Postby GinaSmith » Sun Aug 07, 2011 1:47 pm

I agree with that in principle, Jasmin, or at least I respect the intention. There are a few things that spring to mind and I wonder if I may contribute them:

I recommend a sticky thread explaining that there are views from all camps on the paraphilias part of the forum and that some of these may trigger (also explain what 'triggering' is for newcomers - I had no idea), ground rules, etc.

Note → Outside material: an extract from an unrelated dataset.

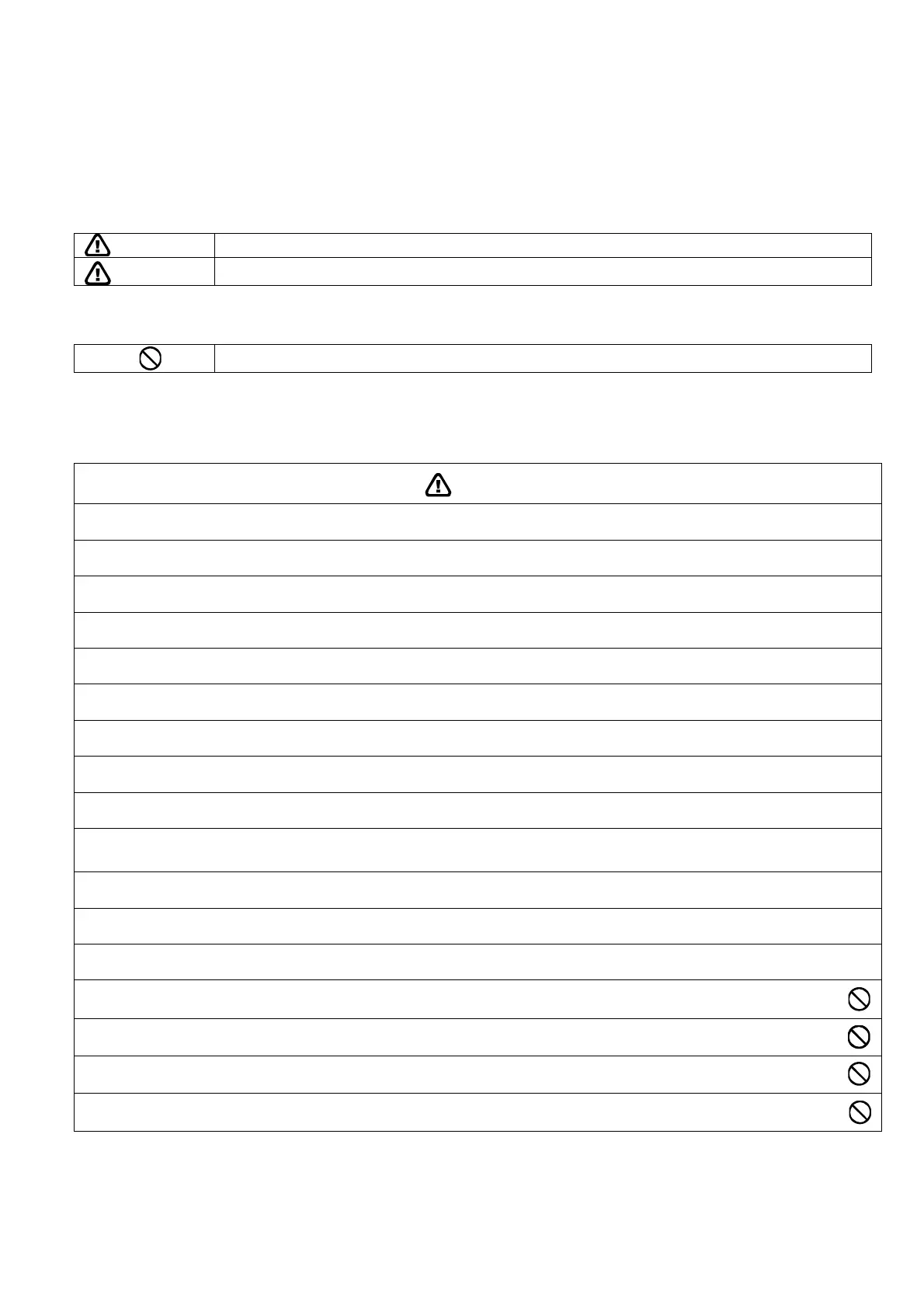 The caution items stated here must be followed because these important contents are related to safety. The

The present issue is one in which some people are uncomfortable with the normal/natural argument and feel that it is distressing and triggers them. But when devising a system we have to cater for potential future issues. I can imagine that the opposite issue might occur at some point: some people with paraphilias may come here feeling distressed, excluded, desperate, only to find that the message on here is univocal - you 'are' a monster. Given that we don't know what will trigger whom, and that a newcomer might not know either, it seems inappropriate to (for example) create separate boards or forums, so I agree to divide by thread. In this regard, we might come up with a more detailed version of my rule two above. As you and others say, perhaps mods can label threads somehow, or posters can be encouraged to do so as well.

I'm tired today, so my creative capacity is not at its best. :( Besides, I don't ever feel like I'm distressed about my sexuality or at risk of being 'triggered' or 'acting out' (possibly I shouldn't even be here!), so I'd rather only contribute a few ideas here and there and let the main input come from those who do experience distress and triggering.